Даже когда муж в мае прошлого года заскочил по службе в конторку телеграфиста и поймал ее в объятиях почтмейстера, Евгения, поправляя юбку, смотрела на мужа зелеными наглыми глазами и смиренно шептала:
– Вам, Франц, это показалось.
В канун войны Бифштекс возил супругу в Вену на прием к знаменитому на весь мир ученому-психиатру фон Крафт-Эбингу, автору фундаментальной «Судебной психопатологии». Тот два дня исследовал Евгению и в приватной беседе с мужем авторитетно заявил:
– Да, ваша супруга страдает болезнью, которая хорошо известна психиатрам. Это паранойя эротика, или любовное помешательство.
Бифштекс выпучил глаза:
– Паранойя? Как, отчего?
Великий ученый снял с носа золотое пенсне, протер стеклышки.

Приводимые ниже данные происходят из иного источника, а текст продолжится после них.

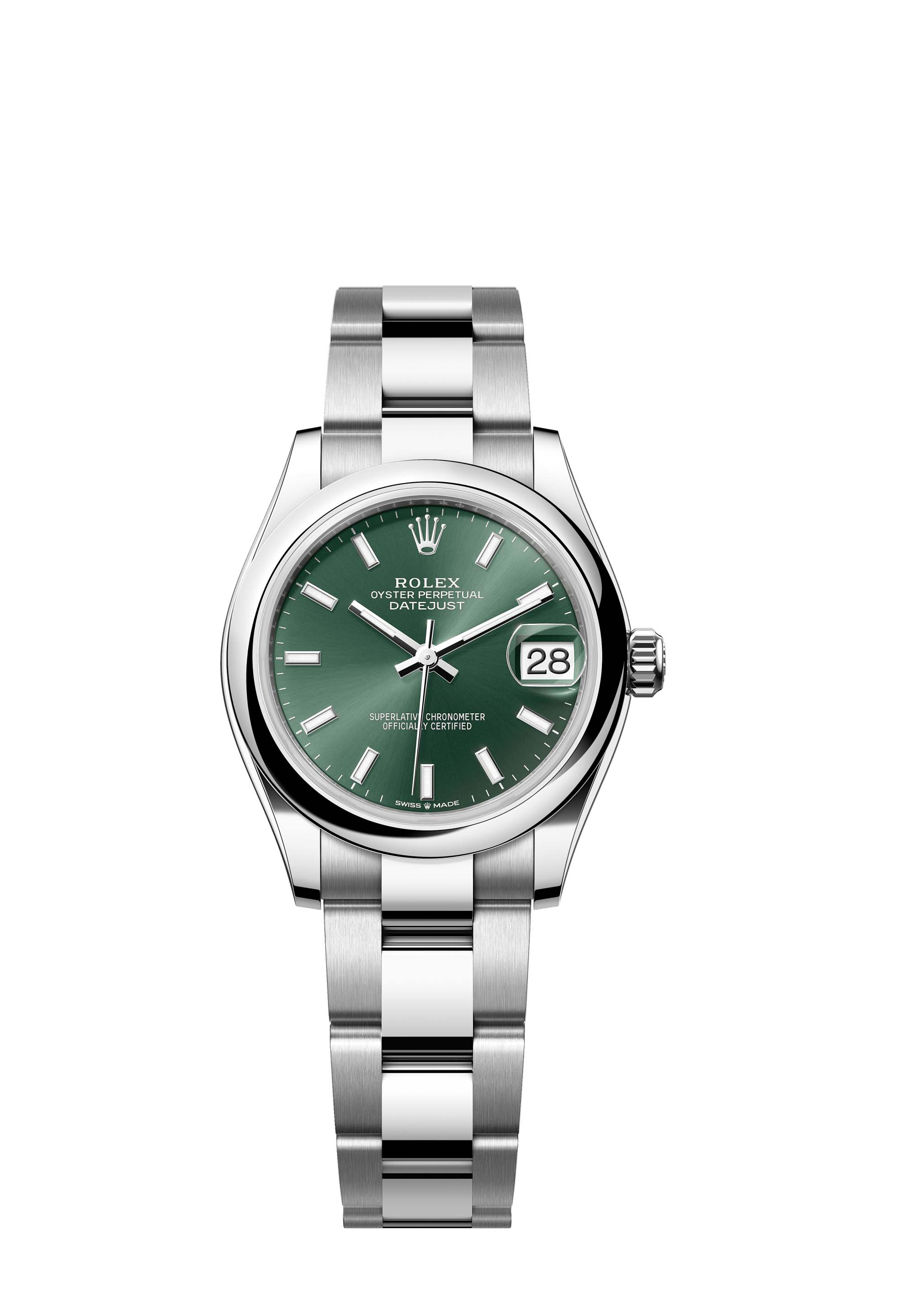 This Oyster Perpetual Datejust 31 in Oystersteel features a mint green dial and an Oyster bracelet.

– Могу сделать краткий клинический обзор. Речь в нашем случае, по-видимому, идет о состоянии психического вырождения. Вопреки влиянию воспитания и цивилизации, индивидуум остается лишенным способности приобретать этические представления о прекрасном, о добре, у него отсутствует чувство сострадания ближнему. Причину этого прискорбного явления следует искать в наследственности. Помешательство, пьянство, эпилепсия, грубость натуры – все это несут потомкам их праотцы. Но случаи нравственного идиотизма нередко бывают и приобретенными вследствие нездорового, неправильного образа жизни. – Ученый многозначительно поднял вверх палец. – Особенно вредно на психику влияют два фактора: дурная среда и чтение плохой литературы. Увы, медицина пока беспомощна…
– Так что же мне-то делать? – в отчаянии воскликнул Бифштекс.
– Относиться к супруге как к больной, то есть с терпением и любовью. – Крафт-Эбинг с сочувствием взглянул на собеседника и утешил: – С возрастом эти страстные порывы перетекают в другие виды помешательства, но случается, они ослабевают, а порой и вовсе проходят.
Но, судя по тем событиям, которые позже случились в курортном Карлсбаде, страстные порывы Евгении Эльберт не перетекли и не закончились. Последней жертвой ее любовных посягательств стал карлсбадский филер Холичек, подчиненный ее мужа. За то, что тот соблазнился на пышные прелести Евгении, провинившийся был подвергнут страшному наказанию – отправлен в действующую армию.